Now let us imagine a woman, speaking only Gujerati, arriving at
a women’s refuge in the middle of the night, bleeding, carrying two
young children, and equipped only with the torn clothes she stands
up in. She needs housing: for housing she is eligible for housing
benefit. She needs heat in her room: for heating she is not
eligible for housing benefit. From the provider’s point of view,
these are a single need. From the legislator’s or the accountant’s,
they are two different needs to be met from two different
sources.
When money grows tight, all the anomalies with which we get by
in these situations are forced into the light of day. One would not
guess, reading the Department for the Environment, Transport and
the Regions’ optimistic recommendations for the Supporting People
framework, that it was forced on them by a court judgement of 1997
insisting that there was no legislative authority to use housing
benefit for personal services. The government was slow in reacting
and when it did it came up with the same sort of artificial
bureaucratic barrier that is dividing long-term care.

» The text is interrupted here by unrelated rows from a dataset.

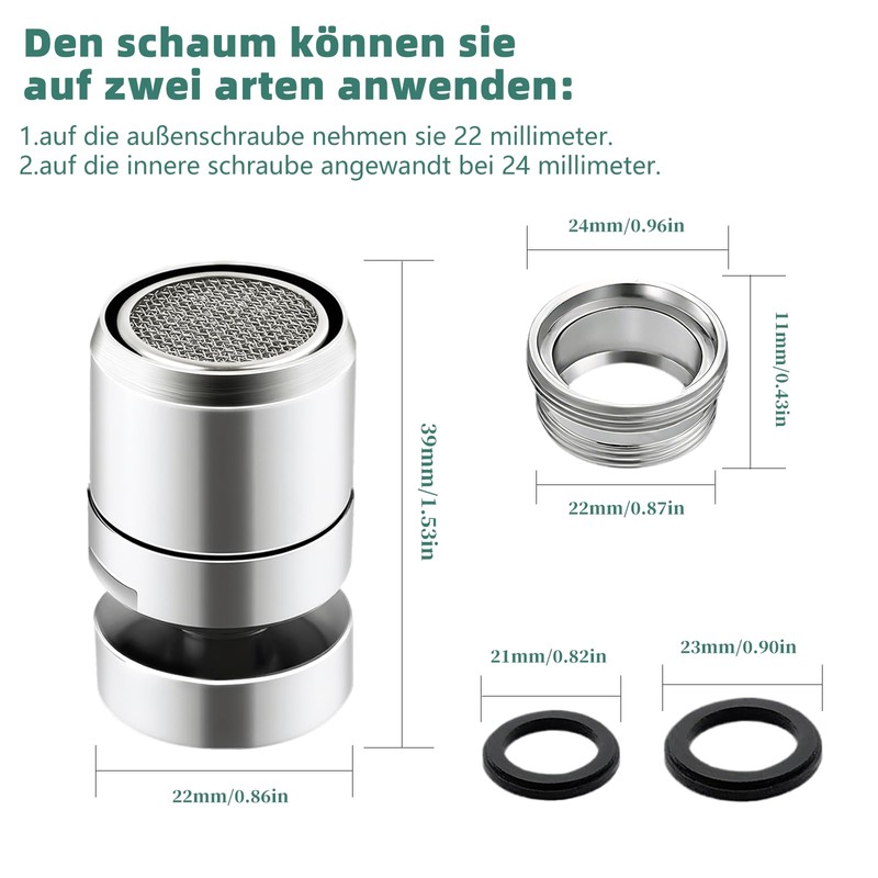 - Lieferumfang – Sie erhalten 2 × 360° drehbar Wasserhahn-Perlatoren, 2 × Adapter (M22 Innengewinde auf M24 Außengewinde) sowie 6 × Gummidichtungen. *Hinweis:* Unsere Perlatoren sind nur für Wasserhähne mit 22 mm Außengewinde oder 24 mm Innengewinde geeignet.
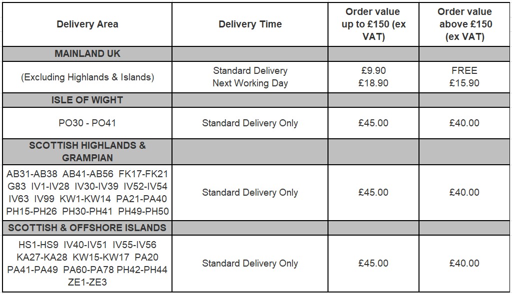 The cut off time for which orders will be processed is 3.00pm. If you place an order before this time it will processed and despatched within 1 working day (subject to stock availability). Orders received after 3.00pm will be processed and dispatched within the following 1-2 working days. Next Working Day delivery on items showing a lead time will be delivered on an Next Working Day service as soon as these goods are received in stock.
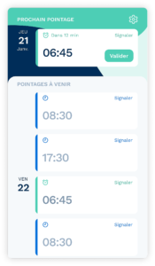 Lorsque votre pointage est bien validé, vous ne le verrez plus apparaitre dans « Prochain pointage ». Il s’agira du prochain pointage à valider.
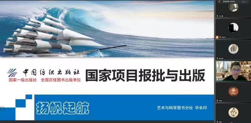 邀请到中国纺织出版社艺术与科学图书分社社长、中国工艺美术学会理论专业委员会副主任华长印,在腾讯会议线上带来了题为“国家项目报批与出版”的专题讲座。院长苏胜、副院长刘萍、姚文婷以及学院七十余名教师参加了本次讲座。讲座由副院长刘萍主持。
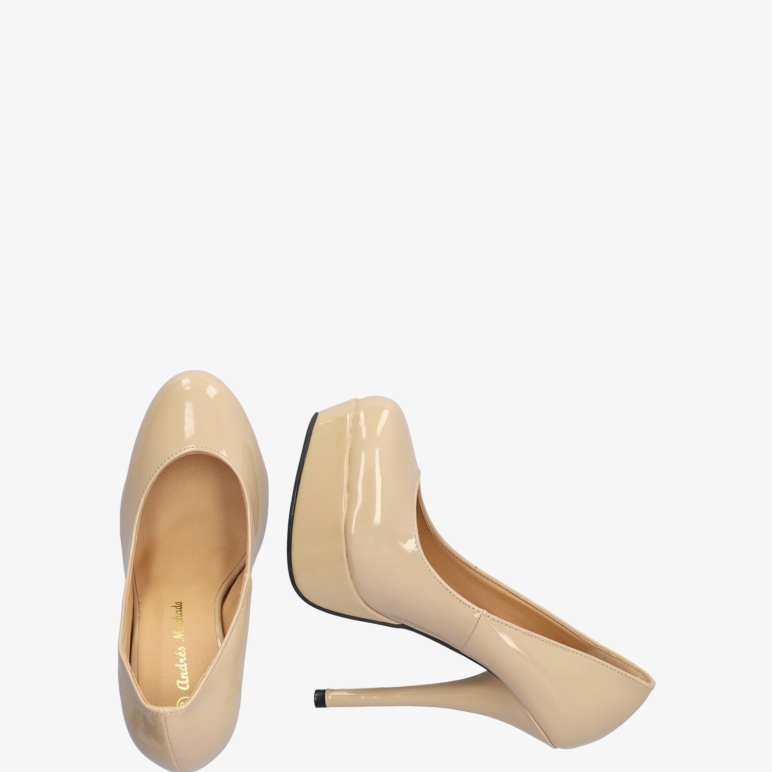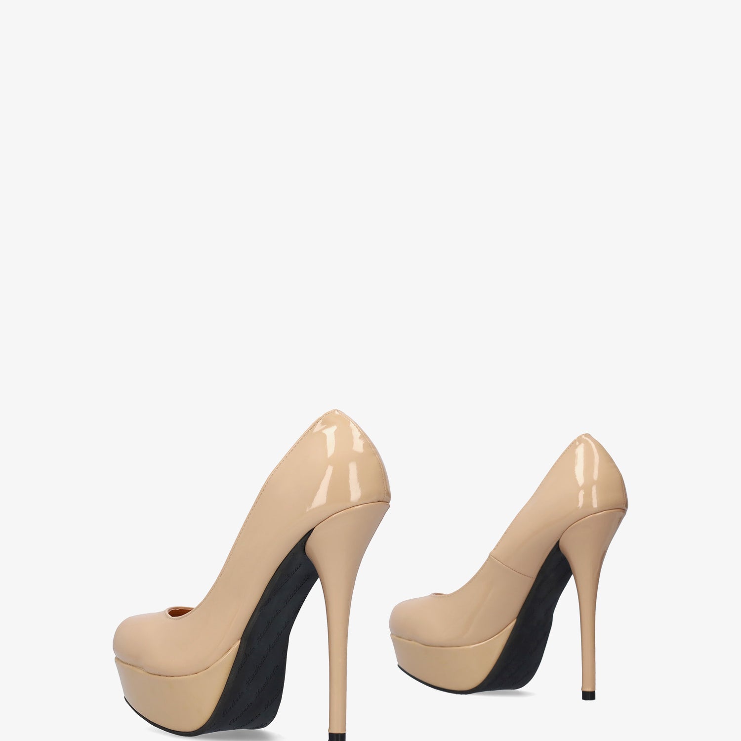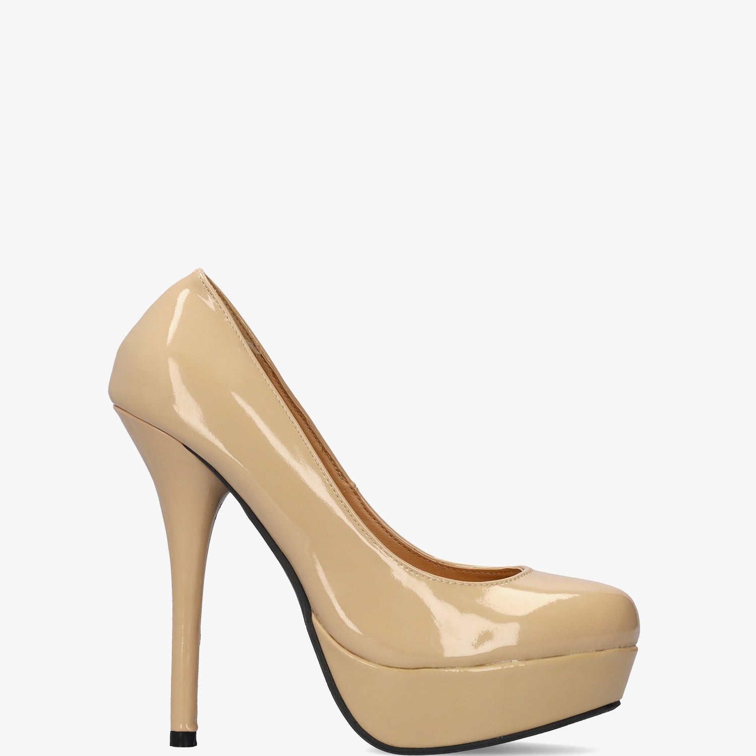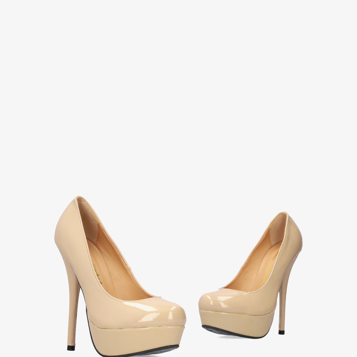 Light brown patent platform pumps with stiletto heel
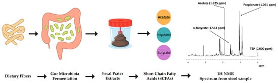The integration of metabolomics and microbiota sequencing data provides a comprehensive view of the functional interplay between microbial communities and their metabolic outputs. While microbiota sequencing (e.g., 16S rRNA or shotgun metagenomics) reveals the taxonomic composition and functional potential of microbial ecosystems, metabolomics captures the small molecules produced or modified by these microbes and the host. Combining these datasets enables researchers to link microbial taxa or genes to specific metabolites, uncover biomarkers, and elucidate mechanistic pathways underlying host-microbe interactions. Thus, the biochemical interplay between dietary components and microbial metabolites can be comprehensively studied through NMR-based metabolomics. This methodological strength makes NMR particularly suitable for studying microbiota–diet relationships, as it allows longitudinal monitoring of systemic and gut-derived metabolic changes in response to dietary interventions [,]. One of the clearest examples of this interaction is the relationship between dietary fiber intake and the production of microbial-derived SCFAs. Dietary fibers, being non-digestible carbohydrates, reach the colon intact, where they undergo fermentation by gut microorganisms, yielding SCFAs such as acetate, propionate, and butyrate [,]. These metabolites act as signaling molecules with broad physiological roles, influencing gut barrier integrity, immune modulation, and host energy metabolism. NMR-based metabolomics offers unique advantages for the direct detection and quantification of SCFAs, as this spectroscopy technique can identify acetate, propionate, butyrate, and other fermentation products such as lactate and succinate in fecal water extracts [,,] (Figure 1). Beyond detection, the integration of metabolomic data with multivariate statistical approaches enables the identification of distinct SCFA profiles associated with high-fiber diets, for example those rich in whole grains, legumes, and fruits, compared to low-fiber dietary patterns [,].
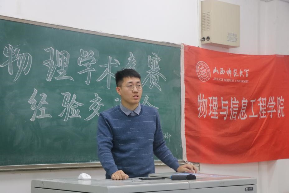 活动中,程留永老师介绍了物理学术竞赛的大致内容和意义;秦子开就比赛规则、时间、题目选择及题目解读进行了经验分享;冯宇曦对团队合作的重要性、实验仪器的选择等方面进行了介绍,并提出了一些相关建议。
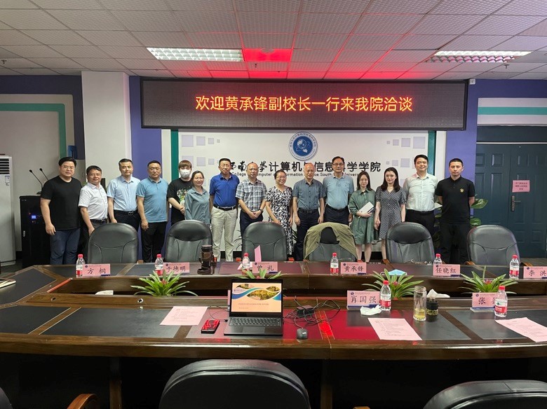 为进一步加强和深化重庆市校企、校校合作,推动学院共建共享产学研协同发展机制,5月25日下午,重庆交通大学副校长黄承锋一行12人到学院开展产学研协同合作调研洽谈工作。重庆交通大学副校长黄承锋、重庆文中科技股份有限公司董事长曾礼、重庆云厨明视暨重庆菜到佳科技有限公司董事长于德明、云厨明视科技有限公司总经理李洪、上丞科技总经理方桐、重庆交通大学教授任晓红等出席了会议,学院院长肖国强、副院长陈武、计算机科学系主任张衡参加了调研洽谈会。
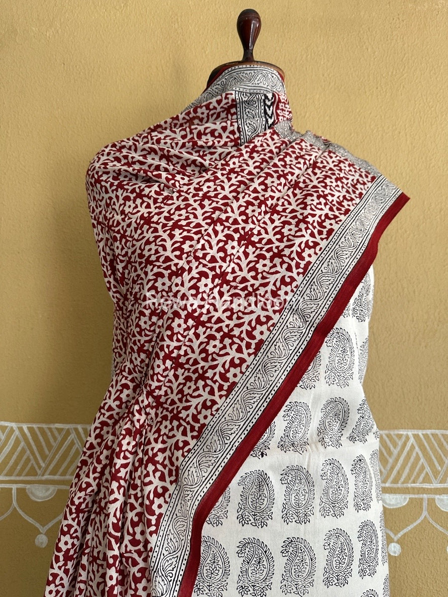 White-Maroon Bagh Print Cotton Suit BCSP0147

The Supporting People proposal is designed to provide
housing-related support services to people in vulnerable groups and
it is paved with good intentions. The need is real and important,
and money devoted to it may produce a very good return. Children’s
workers in women’s refuges, counselling for teenagers estranged
from parents, and sympathy and advice for people with chronic
mental health problems are all cases in point. These occupations
are all time-consuming, and all utterly individual. When there was
a common pot of money, support workers could meet these needs as
they arose.
Now, with all the apparatus of monitoring and checkpoint
information, it will be necessary to make rational justifications
of all the decisions involved. That risks taking more time and
labour than all the support work put together. How does one explain
the needs of someone, progressively alienated from every one of her
relatives in a process beginning at the age of six months, who at
any moment of stress disappears from her accommodation and cancels
the mobile phone that is her only link with the outside world? How
does one explain this to someone conducting a budgeting
process?
There are some good things in these proposals. The sort of
problem detailed above would be met by the allowance of floating
support, not tied to the accommodation in which it has been
provided. But what of cash limits, which are clear in the
ring-fenced money provided? In women’s refuges in particular, the
need is escalating rapidly, possibly because the proportion of
women willing to suffer in silence is declining so rapidly. When
the cash runs out, does one spoil the ship for a ha’porth of tar?
What do we do with someone who falls over the moralistic purposes
of the rough sleepers unit, whose sense of safety depends on
occasional drugs, and would rather be dead than do without them? Do
we tell such a person not to beg, and do we risk our own funding if
we do not?
Helping people with such individual problems is something which
demands a very high level of confidence in those who provide it. No
rules coming out of parliament or Whitehall have ever allowed for
the sheer untidiness of individual need, especially where that need
contains a mental health element. Handling that sort of problem
calls for a very high allowance of discretion in the person taking
the decisions. And that discretion is not something the criticisms
fired at council social services departments encourages. Confidence
that collides with standard spending assessments tends to emerge
having suffered severe injury.
In all our public services, we have, since the arrival of the
International Monetary Fund in 1976, been expecting more of those
who serve us than they are able to deliver. We have been expecting
them to do more than they are able to do, and subjecting them to a
culture of blame every time they fail to do it. Every teacher,
every doctor and every nurse knows what this is like. Members of
social services departments, because they tend to come at the
bottom of the council queue, know this better than anyone.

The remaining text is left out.